I was talking mainly about the tile cache access. Even if the plugin order is given (which is not possible for async/callback based plugin interaction at all in current version, see the caman usage in the Filtering plugin), I still need to resolve how to pipeline the data correctly.

Let's say plugin A does basic thing: gets data (makes a copy) and stores modified data (replaces the old data). It makes two caches: one for drawing, one with the original data saved. We have two methods: getData and getOriginalData. Now, original data is created only first time, subsequent calls to setData will overwrite just the rendering item.
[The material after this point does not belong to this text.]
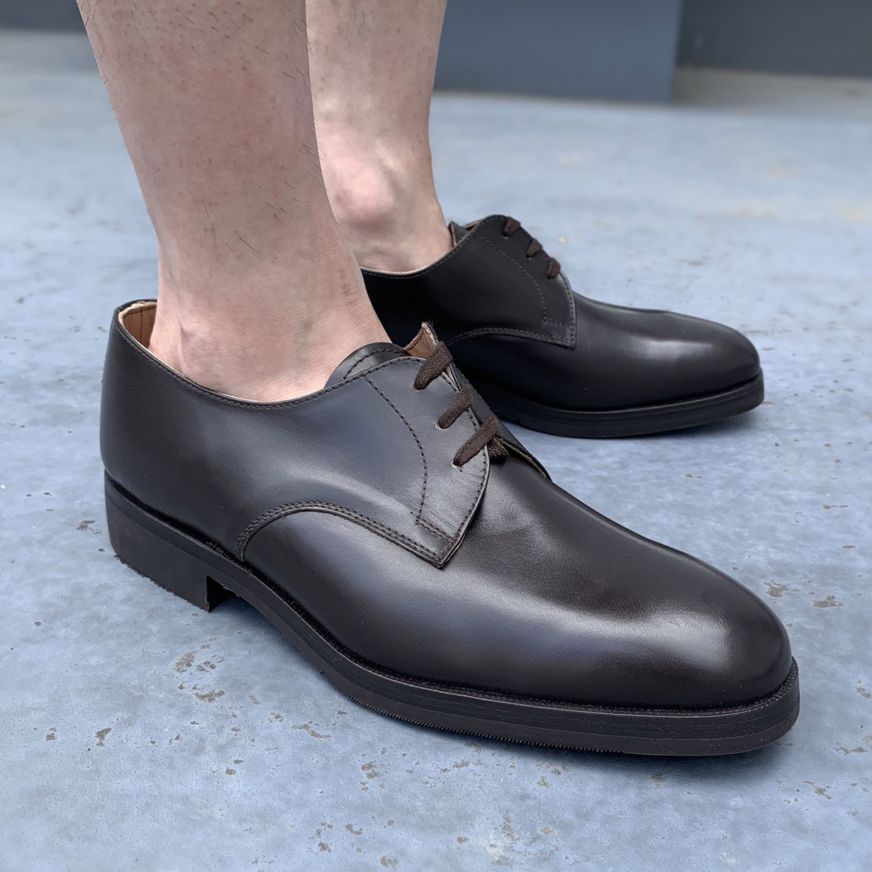 今回の入荷が44サイズのみです。わたしは普段、26.5~27cm程度のスニーカーを着用しているのでやはり大きく感じました… (個人差がございますので、あくまでも参考でお願いします。) シンプルなプレーントゥのシューズです。 カジュアルなブラウンレザーでソールもラバーなので普段履きにぴったりなルックスです。 スラックスはもちろん、デニムなどに合わせても相性抜群ですよ! がしがし履けそうです! デッドストックでプライスも比較的リーズナブルなので、サイズが合う方にぜひオススメです! |

Now, if plugin B does exactly the same, they either use getData which will correctly work with the modified data obtained in any previous step, even regardless of the data type. But, if some plugin wanted to access the original data (Filtering plugin notices we changed filters, it re-executes the filters), it ignores the output of any other plugin that might come before since only first plugin to modify data will store non-modified copy as the original. So we kind of need three caches (original, data in previous step, data now; just how swapping works), and the middle step can get deleted after finish. Or simply change the behavior of getData to access the original data in the first step (events would have to reset somehow tiles before firing) and later access the modified instances.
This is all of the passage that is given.